Recent studies have highlighted the value of feedback and prompting in refining AI responses. Prompt Optimization with Human Feedback proposes a systematic approach to learning from user feedback, using it to iteratively fine-tune models for improved alignment and robustness. Similarly, Black-Box Prompt Optimization: Aligning Large Language Models without Model Training demonstrates how retrieval augmented chain-of-thought prompting enhances few-shot learning by integrating relevant context, enabling better reasoning and response quality. Building on these ideas, our work uses the Amazon Titan Text Embeddings v2 model to optimize responses using available user feedback and few-shot prompting, achieving statistically significant improvements in user satisfaction. Amazon Bedrock already provides an automatic prompt optimization feature to automatically adapt and optimize prompts without additional user input. In this blog post, we showcase how to use OSS libraries for a more customized optimization based on user feedback and few-shot prompting.

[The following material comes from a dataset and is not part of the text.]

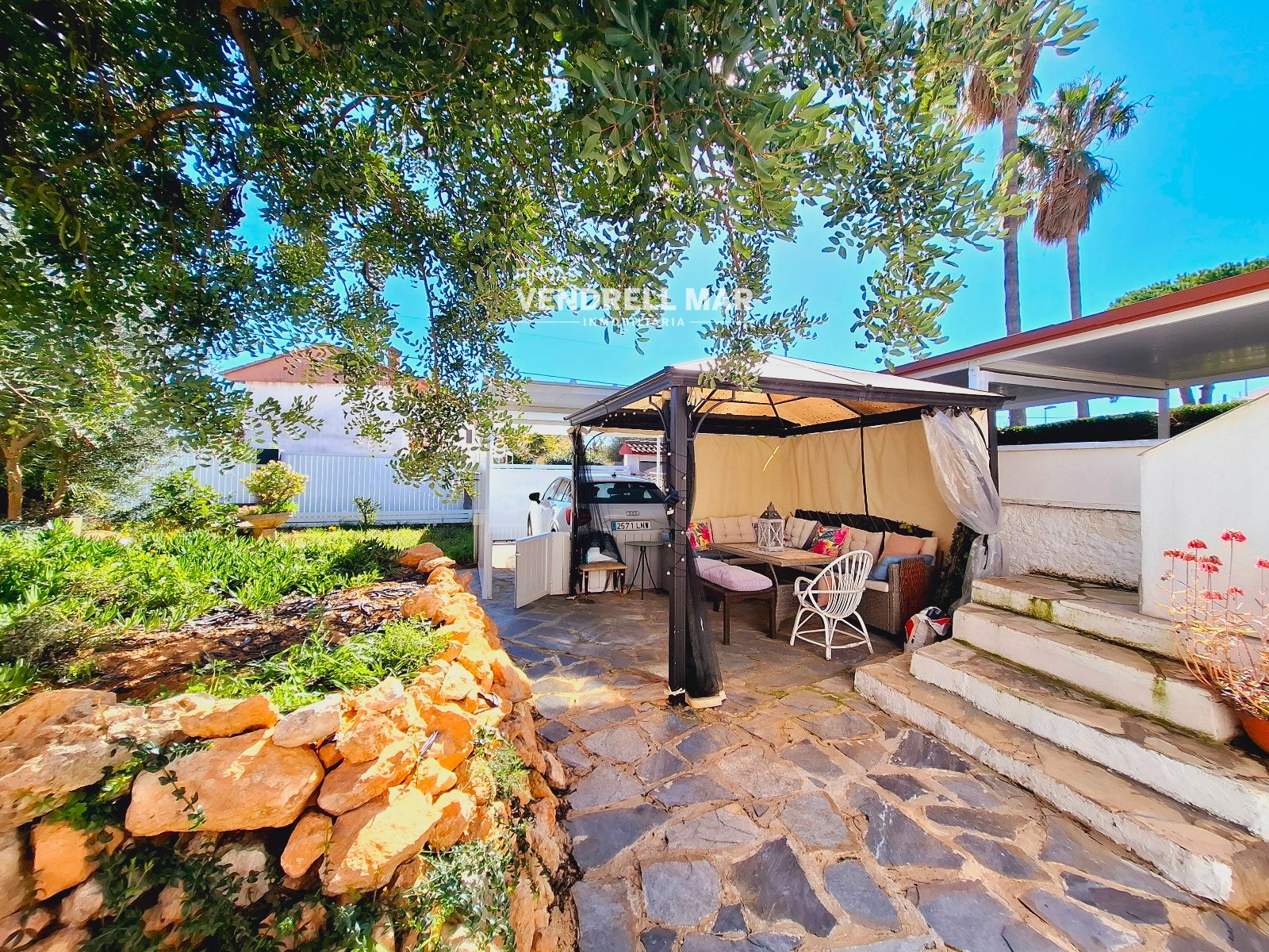 Discover this magnificent corner house in Cunit, located in a quiet residential area, ideal for year-round family enjoyment or as a second home by the sea. The property sits on a large 460 m² plot, offering privacy and excellent outdoor spaces. It features a beautiful garden area, an aluminum carport, a built-in barbecue, a private swimming pool with ideal orientation and sunshine, a storage room, an outdoor bathroom, and a cozy wine cellar. A perfect setting for gatherings, celebrations, or simply relaxing. Inside, you'll find a fully renovated home, ready to move into. The main floor boasts a beautiful, bright living room with an open-plan, fully equipped kitchen and direct access to the garden, creating a modern, functional, and very welcoming space. The first floor comprises three bedrooms, two of them double and one en suite with a toilet. There is also a full bathroom with a shower. On the second floor, you'll find a spacious and bright attic with a full bathroom with a bathtub and access to a fantastic solarium. This terrace connects directly to the garden via an elegant spiral staircase, adding a special and practical touch to the home. The house is fully equipped: Natural gas hot water and heating; white lacquered wood interior doors; aluminum exterior doors with double glazing; security bars; and a completely updated electrical system. It is sold furnished and ready to move into. A unique opportunity not to be missed. Request more information and schedule your visit to discover everything this home has to offer.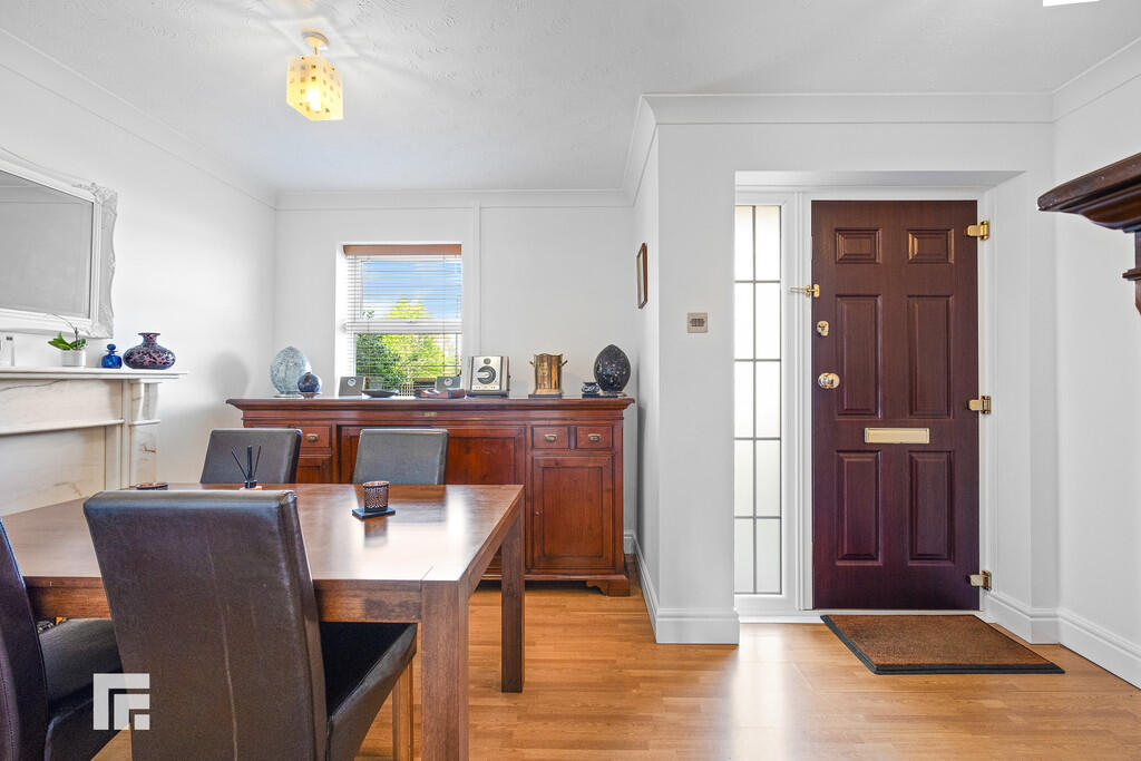 DININGROOM13' 8" x 10' 3" (4.17m x 3.13m) Double glazed uPVC windows to front aspect. Laminate wood effect flooring. Gas fireplace with marble surround. Large wall mounted radiator. Two pendant light fittings. Power points. Coving to ceiling.

We’ve developed a practical solution using Amazon Bedrock that automatically improves chat assistant responses based on user feedback. This solution uses embeddings and few-shot prompting. To demonstrate the effectiveness of the solution, we used a publicly available user feedback dataset. However, when applying it inside a company, the model can use its own feedback data provided by its users. With our test dataset, it shows a 3.67% increase in user satisfaction scores. The key steps include:

Retrieve a publicly available user feedback dataset (for this example, Unified Feedback Dataset on Hugging Face).
Create embeddings for queries to capture semantic similar examples, using Amazon Titan Text Embeddings.
Use similar queries as examples in a few-shot prompt to generate optimized prompts.
Compare optimized prompts against direct large language model (LLM) calls.
Validate the improvement in response quality using a paired sample t-test.

The following diagram is an overview of the system.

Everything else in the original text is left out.